Yes! That would be the perfect testbed!
Great idea @vinid!
I am not an expert in computer vision, but I can definitely help with the project
It’s a great idea! Also, it would be nice to know how they distilled to get the multilingual CLIP.
Do they first distill the text encoder only and then align/fine-tune the multilingual embeddings with image embeddings? Maybe we can borrow some ideas for our CLIP training as well.
@g8a9 They seem to train a bilingual student encoder on parallel data and use MSE as loss against the original ENG text encoder outputs. More info in the paper.
If training is done directly in Italian, MSCOCO-it is definitely an option!
Hello @vinid & Team,
I am interested to be a part of such an amazing project & team. I will try my best to contribute to the Italian version of CLIP like model. It would be nice if we could discuss some learning resources that would be useful for this project.I can work in any time zone that is comfortable for everyone in the team
@gsarti I see, but still I’m not sure how that is adopted in CLIP.
Perhaps, they use the pre-trained CLIP text encoder as the teacher and a bilingual student encoder. Next, they adopt the trained student as the CLIP text encoder.
But now, IMO the multilingual distillation has misaligned text and image embeddings in CLIP’s contrastive space (is that any right?).
I was wondering if they run an additional contrastive-loss pretraining with the new encoder.
I hope we’ll have time to discuss that and more on a dedicated Discord/Slack server if the project gets funded (or even if it doesn’t)

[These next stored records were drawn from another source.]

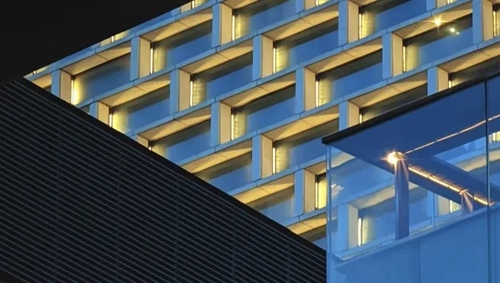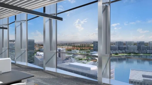 城發中心以“嵩山書頁巖”為設計理念,以中空LOW-E玻璃打造極簡幕墻立面,玻璃寬約3米,隱藏式開啟窗。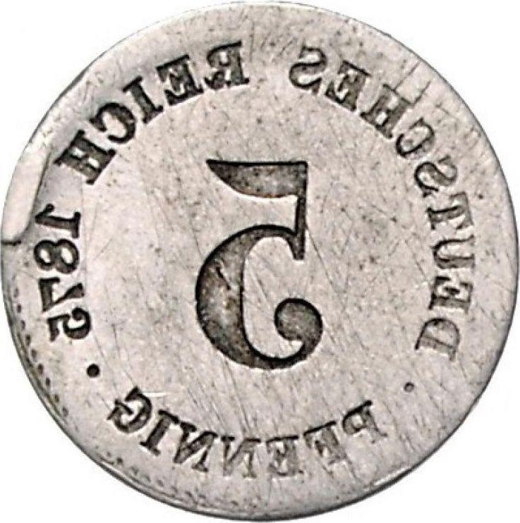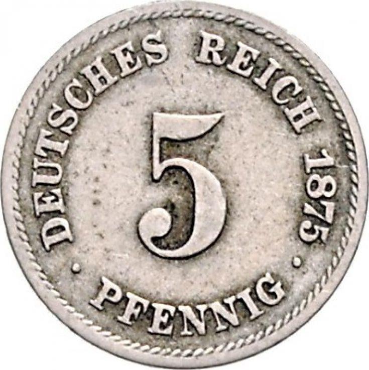Find out the current coin value of the German 5 Pfennig 1874-1889 . Incuse Error. This copper-nickel coin from the times of German Empire. Wondering how much a coin like this is worth? The record price belongs to the lot 470 sold at the Münzenhandlung Harald Möller GmbH auction for EUR 260. Bidding took place June 7, 2021.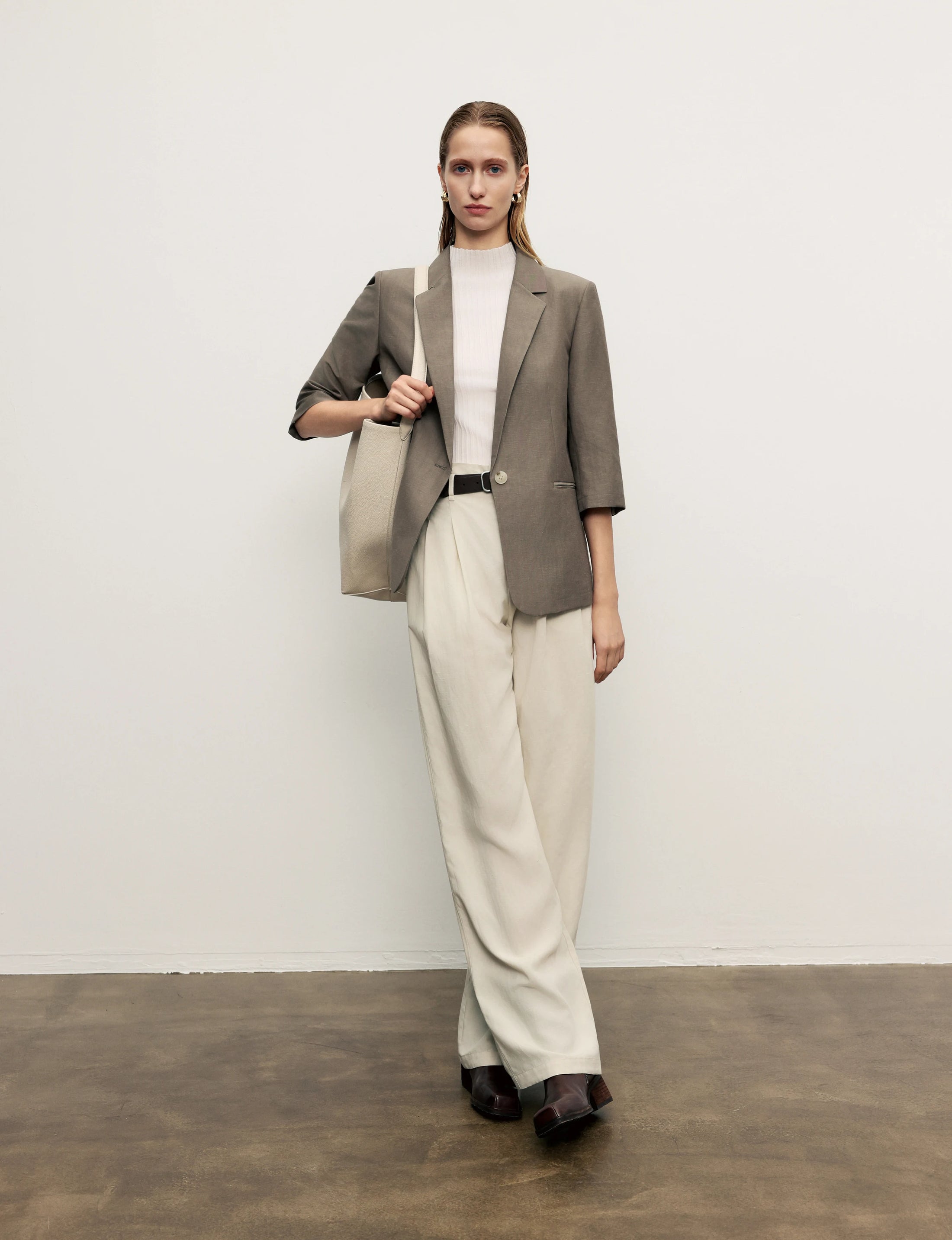 Ruched-Sleeve Cropped Tailored Blazer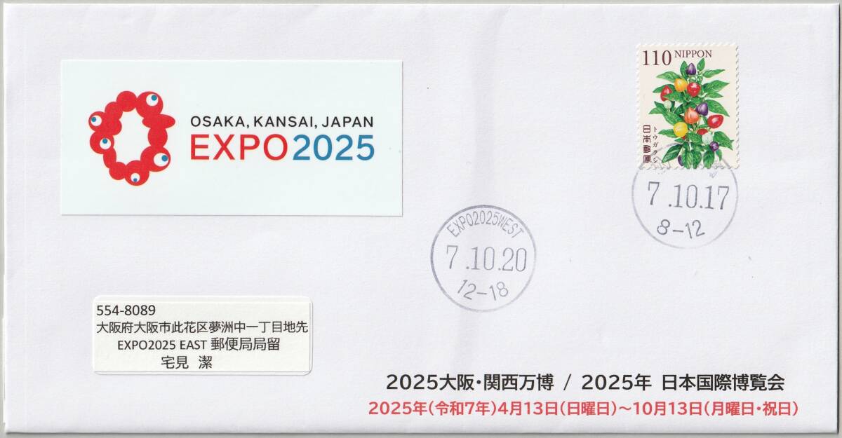 千葉県内から令和7年10月17日午前中に「EXPO2025 EAST局」へ向けて普通郵便を差出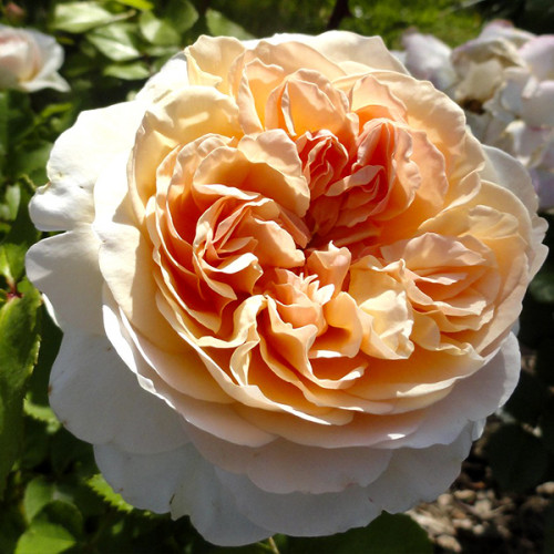 Троянда англійська Евелін (Evelyn) здатна по-справжньому здивувати надзвичайно великими бутонами в 1-у хвилю цвітіння - розміри квітки можуть досягати 16-18 см у діаметрі! А це сяюче світло-абрикосове забарвлення пелюсток з легким рожевим відтінком - квітка ніби світиться зсередини. Чудовий аромат гармонійно поєднує трояндову олію із запахом стиглих фруктів або легких парфумів - сорт один із найбільш запашних у лінійці англійських троянд. З кожним роком у міру дорослішання троянда набирає сили - кущ наростає, цвітіння його стає все більш рясним. Сорт ідеально підходить для аматорського вирощування - невибагливий, як і всі "остінки", добре росте і тішить око рясним цвітінням протягом усього сезону. Великий кущ троянди Евелін з красивими дугоподібними гілками ідеально підійде для солітерної посадки або в якості рослини 2-3-го плану парадного квітника.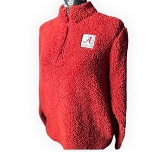 alabama sweatshirt, sherpa pullover, college football hoodie, crimson tide gear, warm quarter-zip, fuzzy pullover, cozy game day outfit, team spirit wear, soft fleece sweatshirt, fitted hoodie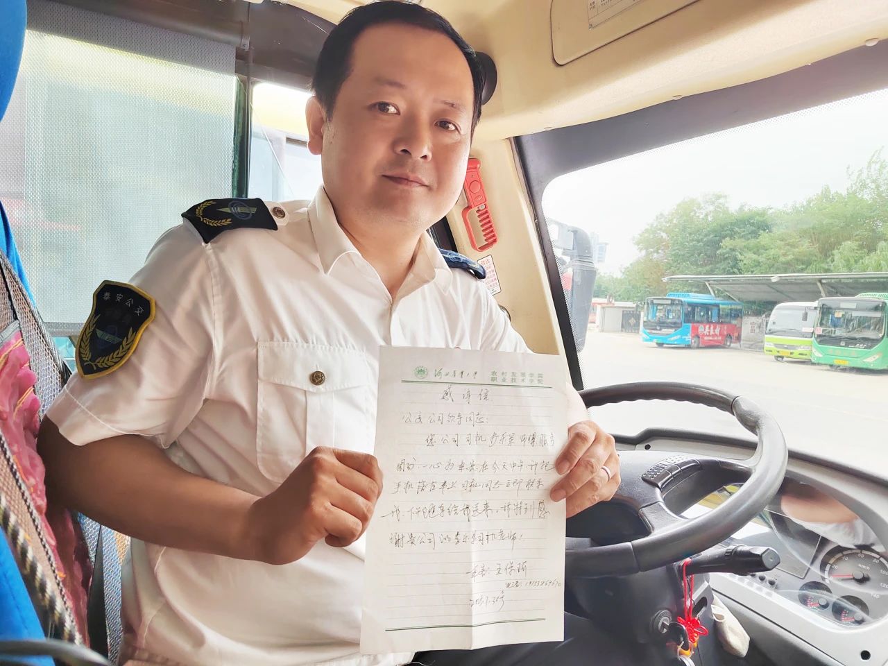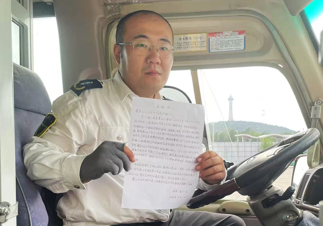 耐心安撫好孩子后,李樂軍引導(dǎo)孩子將電話交給家長,順利與王先生取得聯(lián)系。并在恒大城公交站將手機交給王先生。王先生從李樂軍手中接過手機,激動得連聲道謝。為了表達這份感激,他特意寫下感謝信,親自送到第一分公司。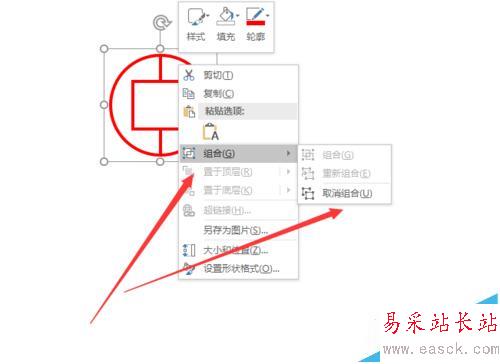 1、如果我們需要解除我們的組合怎么辦呢?其實和我們組合的方式是一樣的,這里我們還是框選我們的圖形,然后點擊右鍵,然后選擇組合,可以看到有一個取消組合的選項,那樣我們就成功的解除了。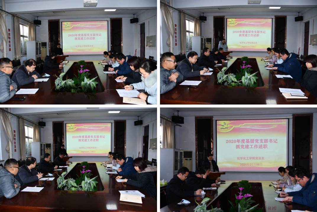1月6日上午,化学化工学院2020年度基层党支部书记抓党建述职评议会在睢阳校区7号楼学院会议室举行。院党总支书记韩忠民,党总副书记刘瑛、副院长孟团结、周艳丽出席会议,各党支部书记和党员代表参加本次会议,会议由韩忠民主持。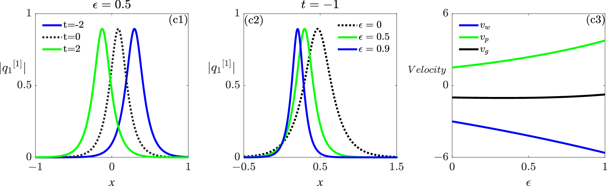 Figure 3. (c1): When ε = 0.5, the wave propagation plot of ${q}_{1}^{[1]}$ along the x-axis at t = −2, 0, 2. (c2): When t = −1, the wave propagation plot of ${q}_{1}^{[1]}$ along the x-axis at ε = 0, 0.5, 0.9. (c3): The wave velocity, phase velocity and group velocity of the fractional one-soliton solution ${q}_{1}^{[1]}$ by choosing ξ1 = 1, ${\eta }_{1}=\frac{1}{2}$.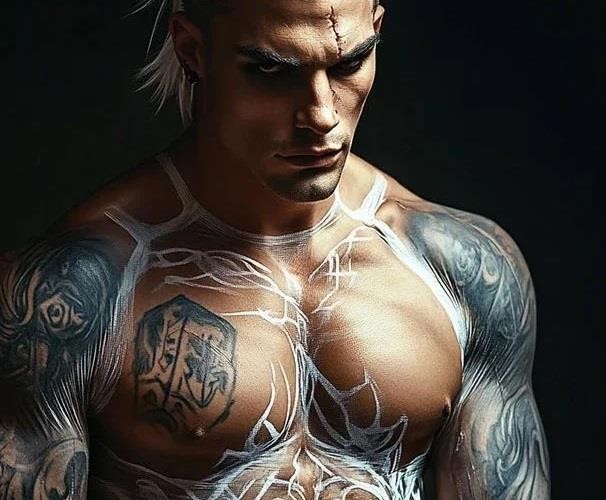 Цепь петлями обвивалась вокруг его торса, низко сползая на его без единой жиринки бедра. С каждым вдохом, звенья скользили по его смуглой коже.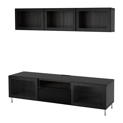 BESTÅ шкаф для ТВ, комбин/стеклян дверцы серый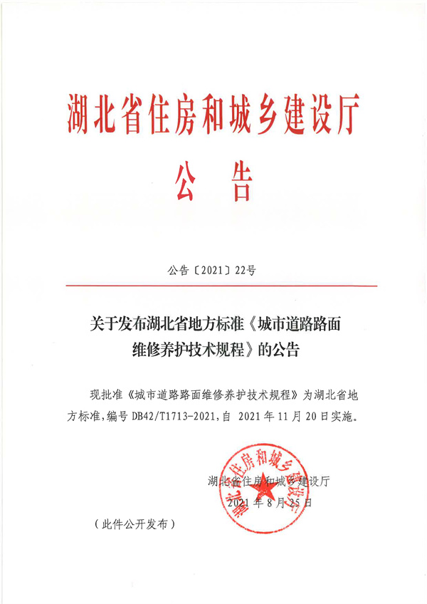 由我公司牽頭起草的湖北省地方標(biāo)準(zhǔn)《城市道路路面維修養(yǎng)護(hù)技術(shù)規(guī)程》(編號:DB42/T 1713-2021)于2021年7月20日由湖北省住房和城鄉(xiāng)建設(shè)廳、湖北省市場監(jiān)督管理局聯(lián)合發(fā)布,并于2021年11月20日起實施。
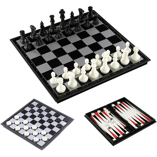 Jogo Tabuleiro 3 em 1 - Xadrez, Damas e Gamão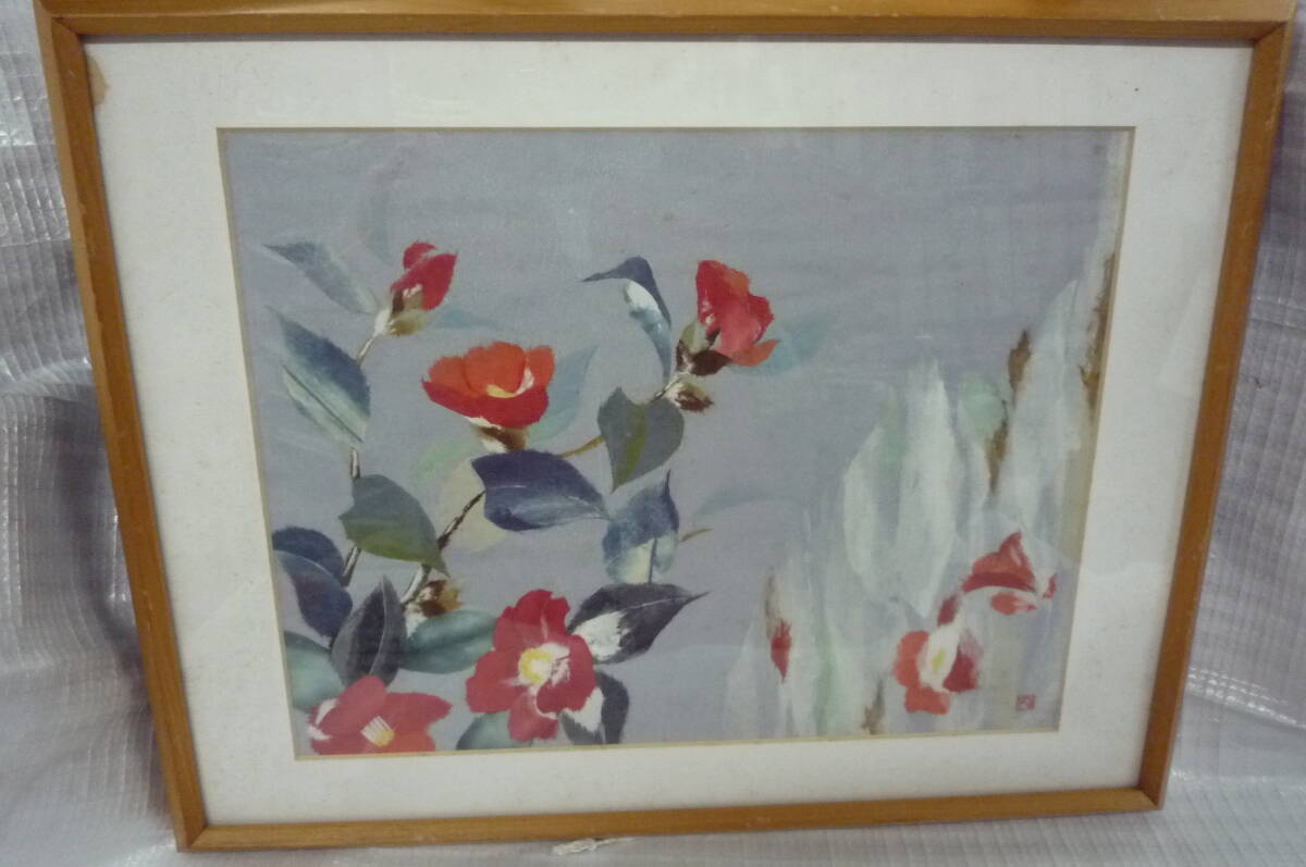 - 寒椿の貼り絵/額込みの大きさ/54x42㎝/刻印有り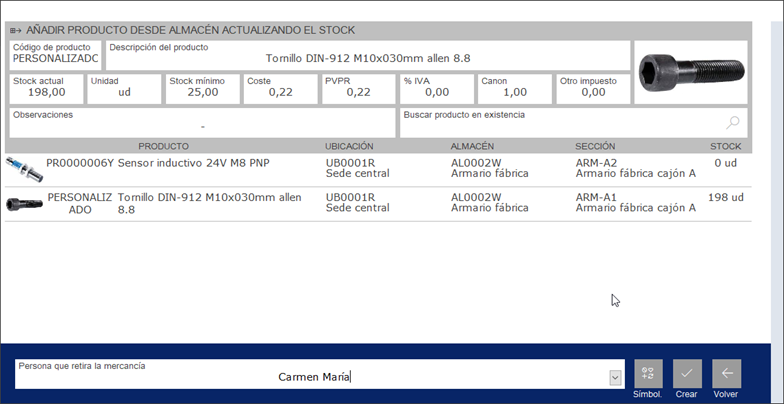 Botón Añadir. Añade un producto a la lista de material. Este comando no modifica el stock.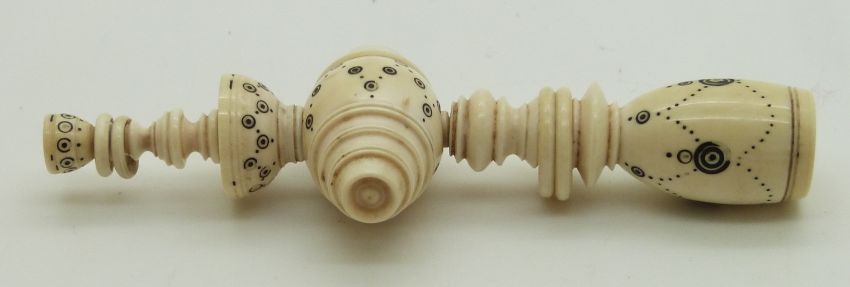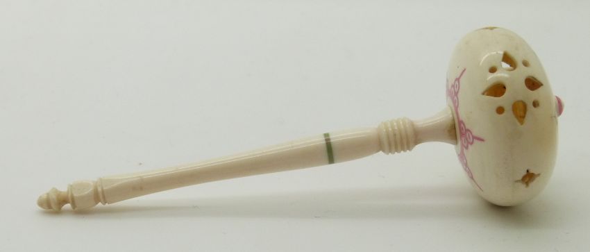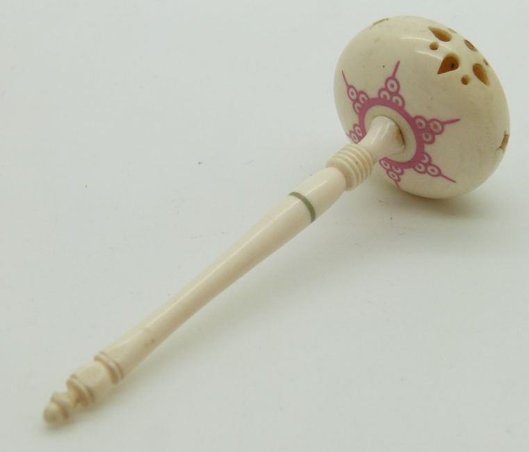Two 19thC Indian Madras ware ivory baby's rattles, longest 9.5cm

Totally agree on MSCOCO-it. Together with WIT (it), I think they’re a good starting point.
I’d be happy to join this project! I have a background in Computer Vision and a little experience with JAX so I hope I can contribute to it!
Awesome! let’s officially define this project
Putting everybody in the official sheet here. More people can still join! Leave a comment here or on the sheet if you want to change something.
@vinid created a channel on the discord server to discuss the project. See you there
Hi everyone! This looks like a promising project, am I too late to join it? Did you start off yet? If not I’ll be glad to leave a comment on the sheet asking for me to be officially added to the team!
Happy to have you on board! We just had a quick meeting today but we can share the notes with you on discord
Ahahaha, I’ve literally just landed on the Discord channel and found that I was too little too late!
I’m writing you there